In 2016, Dana Rohrabacher flew to Moscow for a meeting with Russia’s deputy general prosecutor. We he returned to D.C., the California Republican lobbied to take an expanded version of the Magnitsky Act, a bipartisan law that allows the US to sanction Russan human rights offenders, OFF the congressional agenda. The bill was named in honor of Sergei Magnitsky, Browder’s lawyer, who died in 2009 in a Moscow prison. (Browder successfully lobbied Congress to pass the Magnitsky Act in 2012.)
Rohrabacher also returned from Russia with a propaganda film he screened for colleagues in his office.

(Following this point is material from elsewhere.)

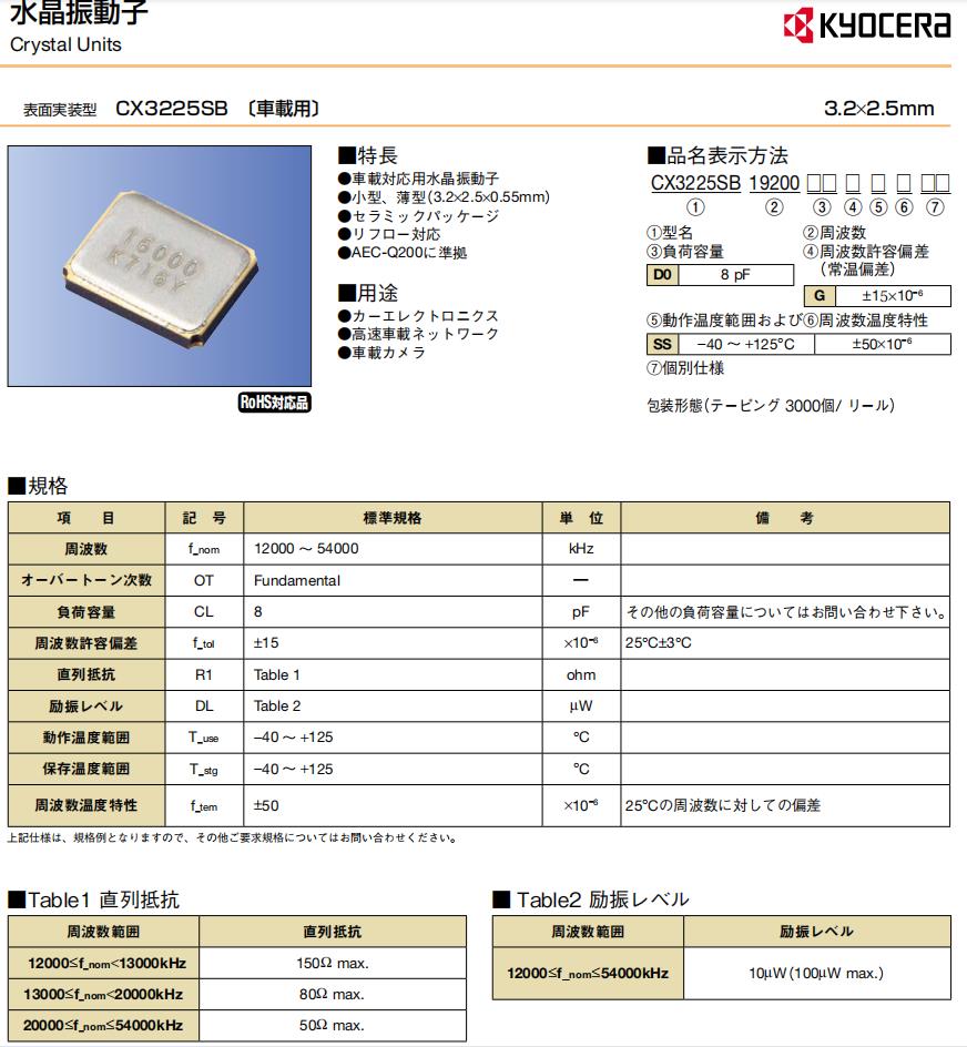 CX3225SB12000H0FLJCC,12MHZ,Kyocer,車(chē)載攝像機(jī),SMD 參數(shù)表

Rohrabacher’s attempt to block the expanded bill failed.
“There is absolutely no reason why any member of Congress would do this … unless there was something else going on,” Browder said. “Somehow the Russians have got damaging information on Dana Rohrabacher, or that they’ve found some way of financing him in such a way that they’ve influenced his behavior.”
Rohrabacher isn’t the only congressman Browder suspects is in Putin’s pocket.
“The other person I am very suspicious about is Rand Paul,” Browder said, noting that the Kentucky Republican senator traveled to Moscow in August and a week later called on Trump to lift sanctions on a pair of Russian lawmakers who are on the so-called Magnitsky list.
“Why would he do that? The people of Kentucky don’t want that to happen,” Browder said. “It makes no sense to me why a U.S. politician under the circumstances right now would be trying to loosen sanctions on Russia.”